═════ INFORMATION SUPPLIED ═════
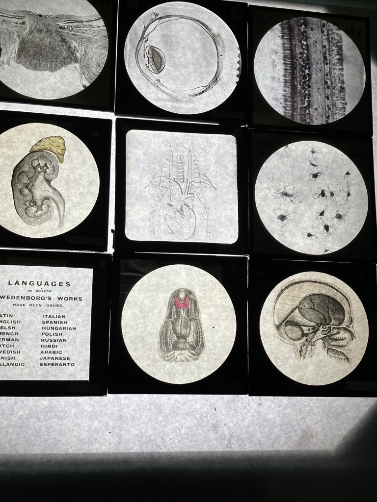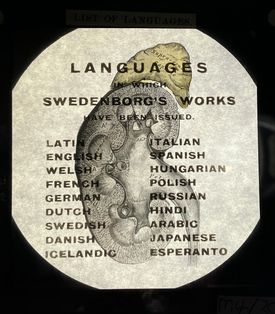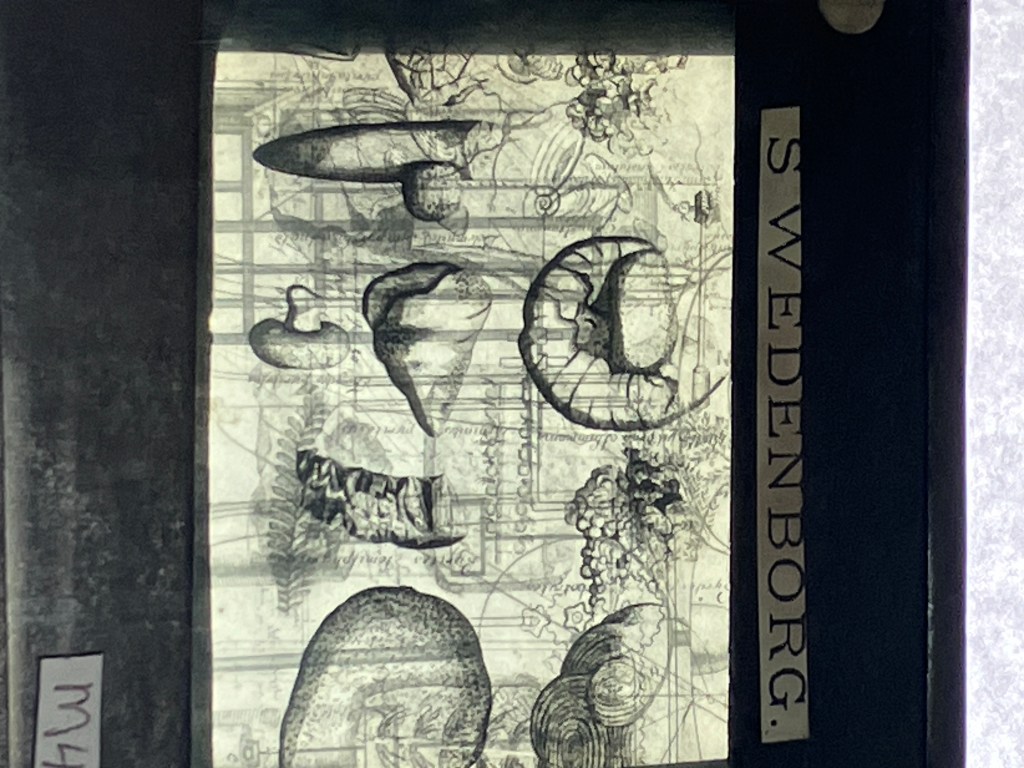 Swedenborg House in Bloomsbury has a large collection of magic lantern slides from the early 20thC. They contain documentary material of Swedenborg’s re-interrment on the 140th anniversary of his death, in 1912/1913, when his remains were transferred from London to Uppsala Cathedral in Sweden. There are also many portraits of Swedenborg taken form paintings and busts. In addition, I found two boxes of diagrams and drawings taken from his books.
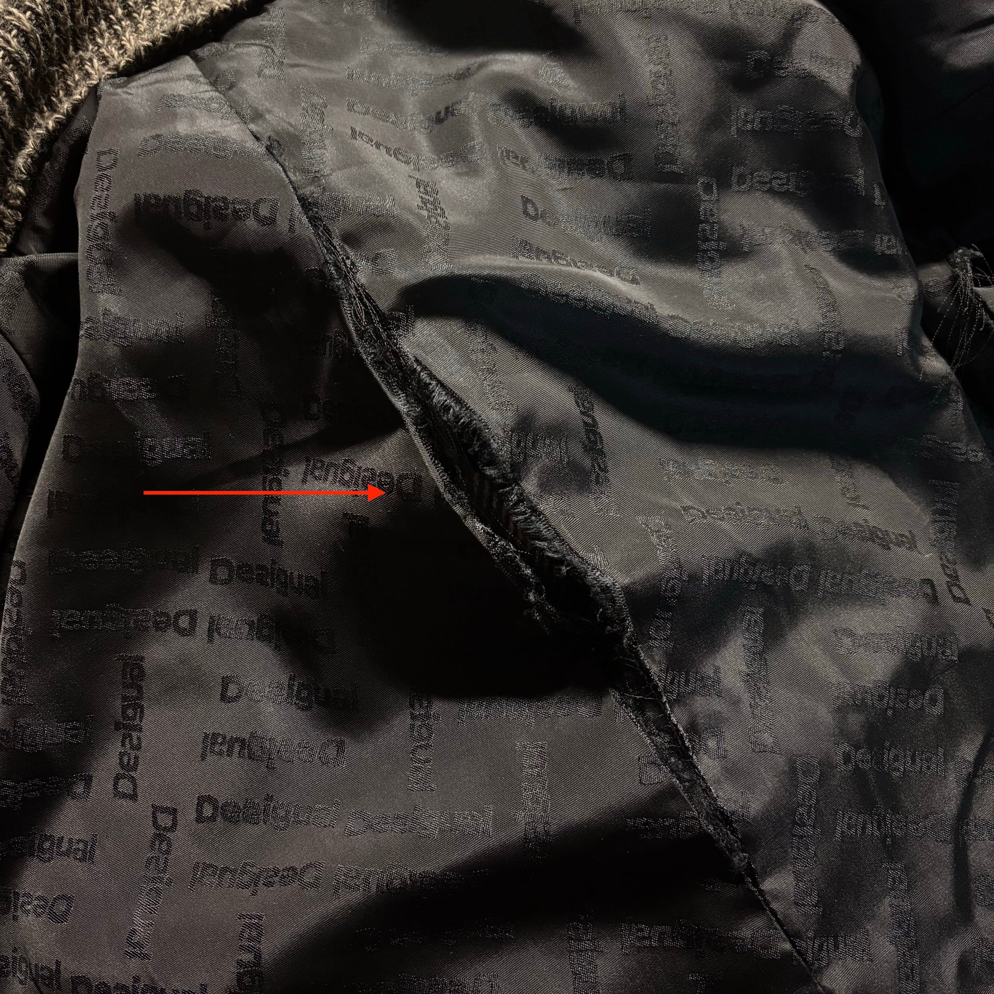 Condition: Used condition. Seam in lining completely torn, see photos.
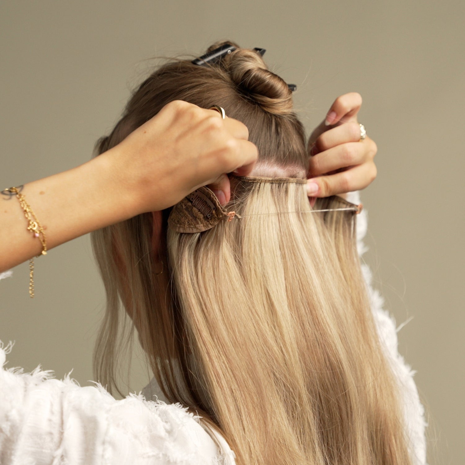 Placera dina halo extensions längs benan och fäst de tre mittersta clipsen i ditt eget hår. De två clipsen som sitter i sidorna ska fästas senare.
═════
TASK STATEMENT: Beginning at the line that contains "Condition: Used condition.", transcribe it and every later line through the last line of the data above, exactly, and drop the pictures.

RESULT:
 Condition: Used condition. Seam in lining completely torn, see photos.
 Placera dina halo extensions längs benan och fäst de tre mittersta clipsen i ditt eget hår. De två clipsen som sitter i sidorna ska fästas senare.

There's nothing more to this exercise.